Task statement: Below are the records; copy exactly the lines from the first through the one containing "To make the room", both included, and leave out the pictures.

Provided entries:
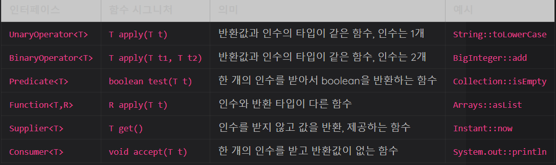 다음은 이 기본 함수형 인터페이스들을 정리한 표다.
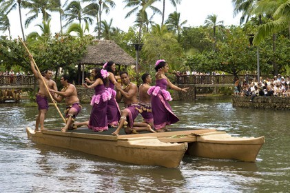 Canoe navigating the canal running through the park. Polynesian Cultural Center. O'ahu. Hawaii. Polynesian Cultural Center. O'ahu. Hawaii.
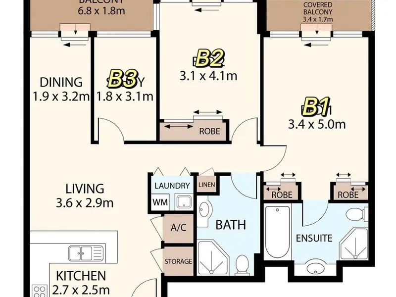 • Two bedrooms with built-in wardrobes
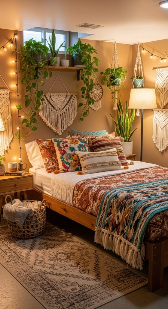 To make the room feel more inviting, use vibrant colors like deep oranges, warm reds, and earthy greens. These hues can help balance the cooler tones in a basement and give the room a warm, welcoming atmosphere. Bohemian decor also encourages a mix of patterns, textures, and colors, so feel free to mix and match to make the space your own.
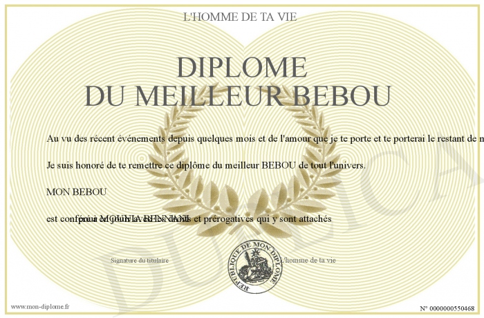 Envoyez par email votre Diplôme du meilleur BEBOU personalisé
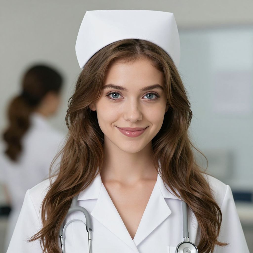 "who doctor costume, stethoscope, 1girl, solo, nurse, brown hair, hat, long hair, nurse cap, smile, blue eyes, looking at viewer, blurry, curly hair, blurry background, doctor, realistic Realistic photo of casual sexy person with pretty face"
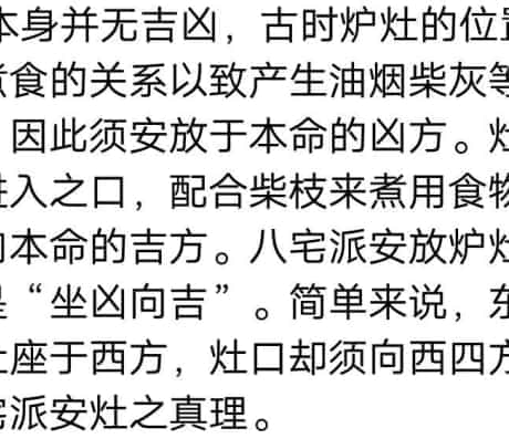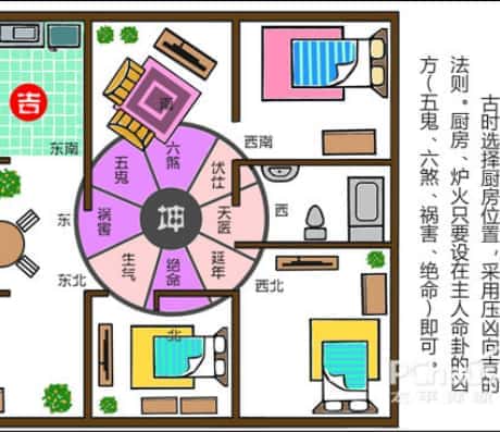 把三元做为最重要的理论依据的风水学理论只有八宅一派。四、八宅派特别强调门、灶和吉凶方八宅派对传统堪舆学中的龙、水论述很少,最为重视的是宅院中的门、灶。八宅派对门的认识是:门为一家之气神。八宅派对灶的认识是:灶为一家之食神。故八宅派人为二者至关紧要,无生气入门,则为死宅八宅派风水的吉凶判断,无食神降临,则为死人。因此要求门的朝向、灶的方位、坐向等一定要与宅中主人的年命相合。民间有“阳宅一门定乾坤”及“阳宅一灶定乾坤”的说法,就是来自于八宅派的理论。八宅派认为:同样的宅院,同样的门、灶布局,不同年命的人居住,会有完全不同的吉凶结果。这种理论有着一定的合理性。五、八宅派强调婚姻和子息八宅派很强调婚姻和子息这两项,按照中华民族的传统幸福观,夫妻恩爱、儿孙满堂是幸福之家。因为按照八宅派理论,每个人都有一个固定的年命,在择偶时要选取年命相合的来做配偶,避免与年命相违的人结为夫妻,但此法在现实社会中仅能作为参考。在中国的地理堪舆术中八宅派风水的吉凶判断,对阳宅风水的吉凶配合,东西四宅八宅派理论为一主要流派,如流行甚广的《阳宅三要》、《八宅周书》、《八宅明镜》等古代风水著作,均以此为立论根据。民间术士更是大量应用东西四宅分类,为人判定阳宅吉凶。
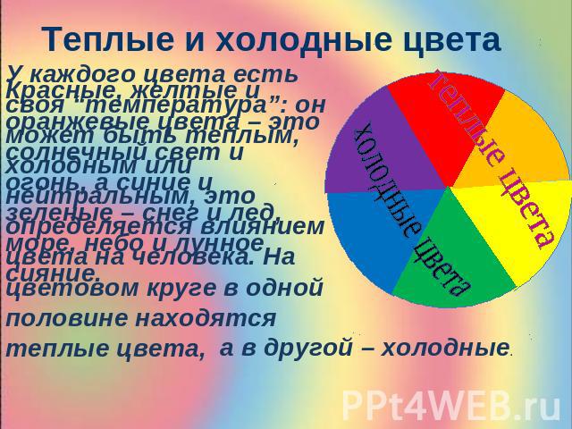 Запомните – тёплые оттенки постепенно переходят в оранжевый (жёлтый + красный = оранжевый), холодные – в зелёный (жёлтый + синий = зелёный).
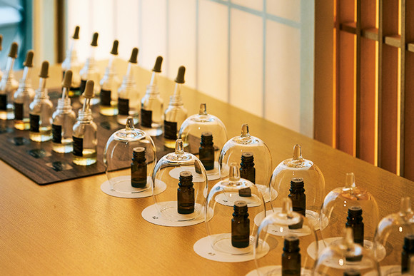 黒文字や高野槇などの和精油を含む12種類から好きな香りを選んでブレンド。持ち帰って日々の深呼吸にも役立てる。
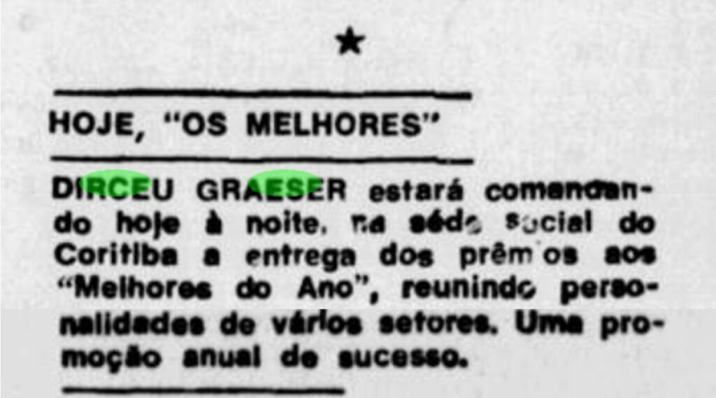 Você sabia que Dirceu Graeser torcia pelo Coritiba? Sim, isto mesmo: Dirceu Graeser, um musicista e comunicador de rádio e TV, que teve grande destaque no cenário nacional, torcia pelo Coritiba.
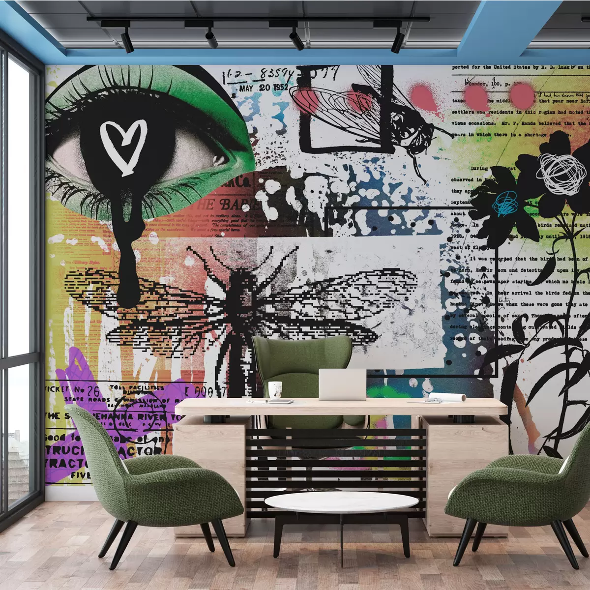 Fotomurales Inscripciones estilo graffiti, flores, figuras Nr. w02255
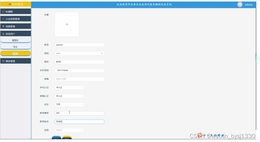 发布教师,并可以销毁某个教师,更新教师数据,模糊搜索教师数据等。
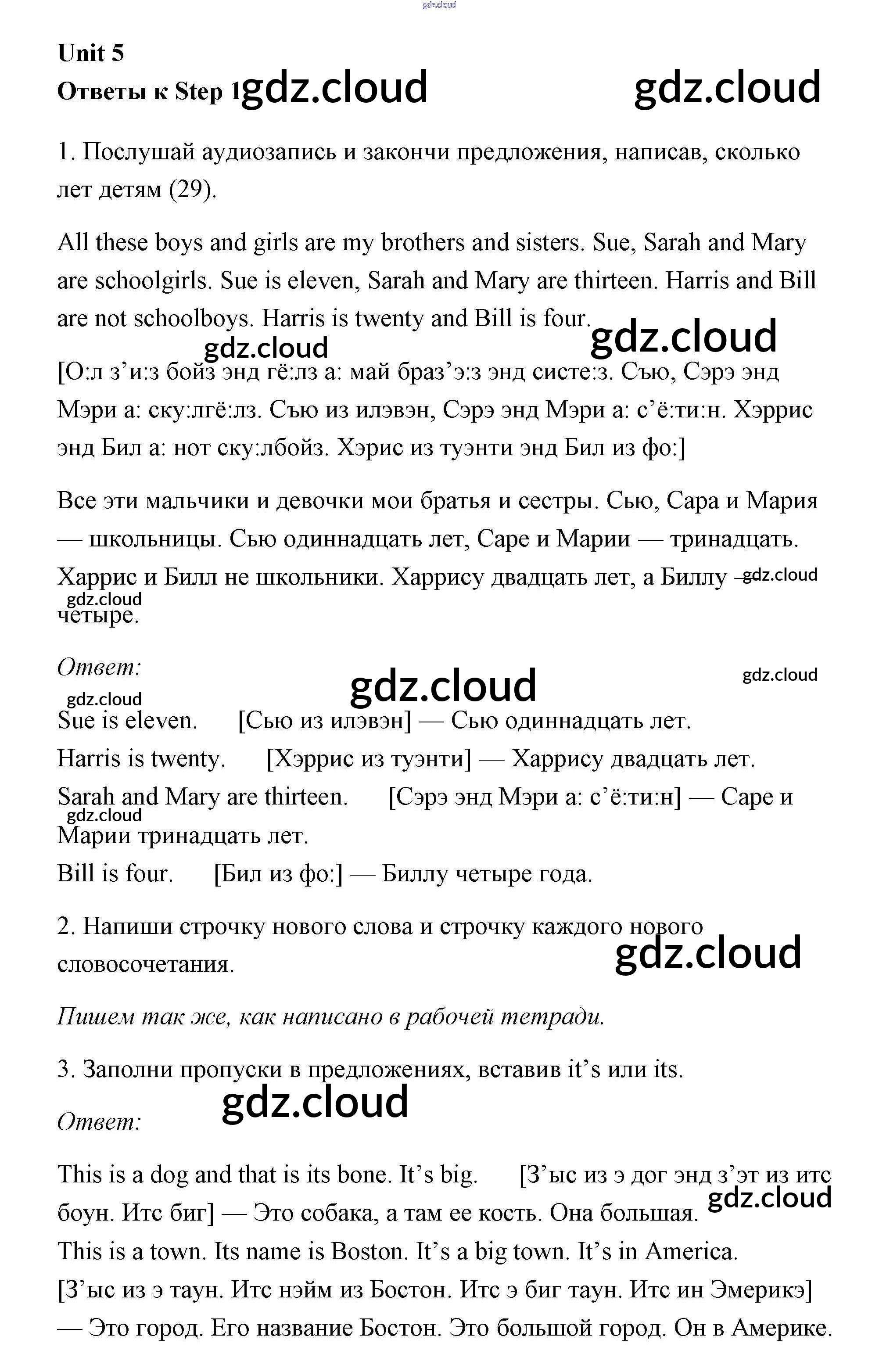 Ответы к Unit 5 (Step) по Английскому языку 3 класс Рабочая тетрадь Афанасьева Rainbow Дрофа
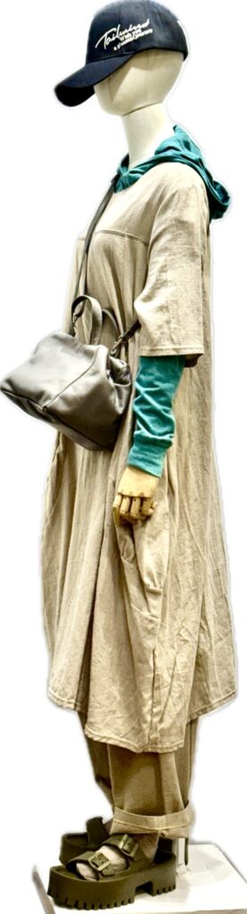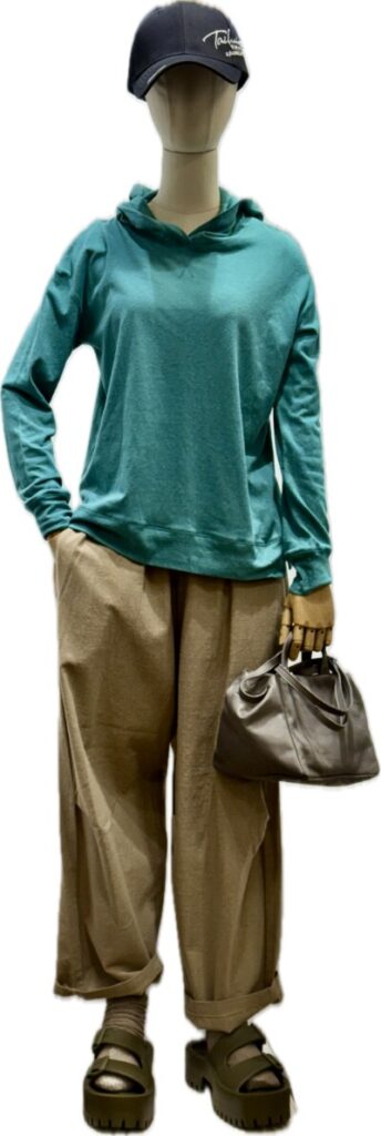 ベージュのワントーンにインにターコイズブルーのパーカーT スパイスして
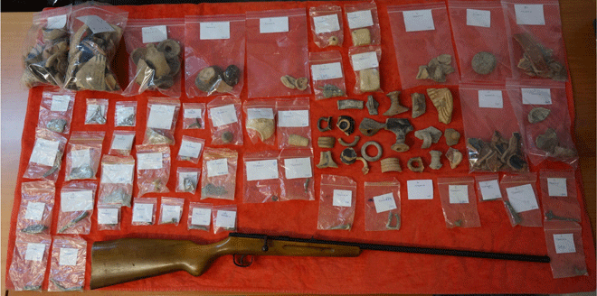 – 224 αρχαία αντικείμενα, όπως λυχνάρια, όστρακα, οψιδιανό κ.ά., τα οποία αποτελούν μέρος μεγαλύτερης συλλογής που φυλάσσονταν πλημμελώς
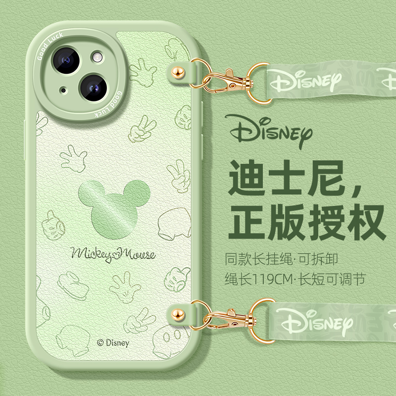 迪士尼适用苹果15手机壳iphone14正版13腕带12挂脖11pro防摔卡通xsmax硅胶8米奇全包xr斜挎挂绳6s女款7保护套
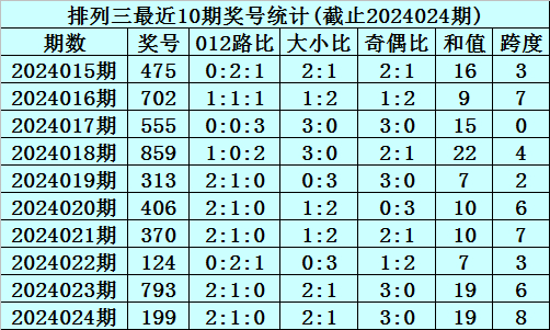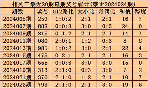 上期回顾:排列三2024024期奖号为199,奇偶比为3:0,大小比为2:1,跨度为19。
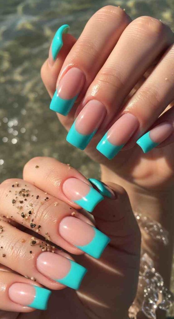Fresh aqua blue tips creates ocean summer coolness.
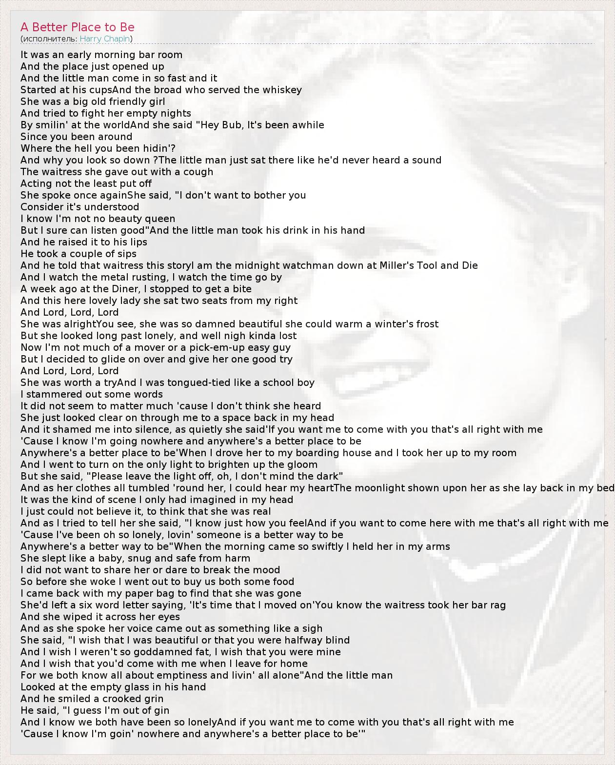 А как ты думаешь, о чем песня "A Better Place to Be" ?

Your response:
 다음은 이 기본 함수형 인터페이스들을 정리한 표다.
 Canoe navigating the canal running through the park. Polynesian Cultural Center. O'ahu. Hawaii. Polynesian Cultural Center. O'ahu. Hawaii.
 • Two bedrooms with built-in wardrobes
 To make the room feel more inviting, use vibrant colors like deep oranges, warm reds, and earthy greens. These hues can help balance the cooler tones in a basement and give the room a warm, welcoming atmosphere. Bohemian decor also encourages a mix of patterns, textures, and colors, so feel free to mix and match to make the space your own.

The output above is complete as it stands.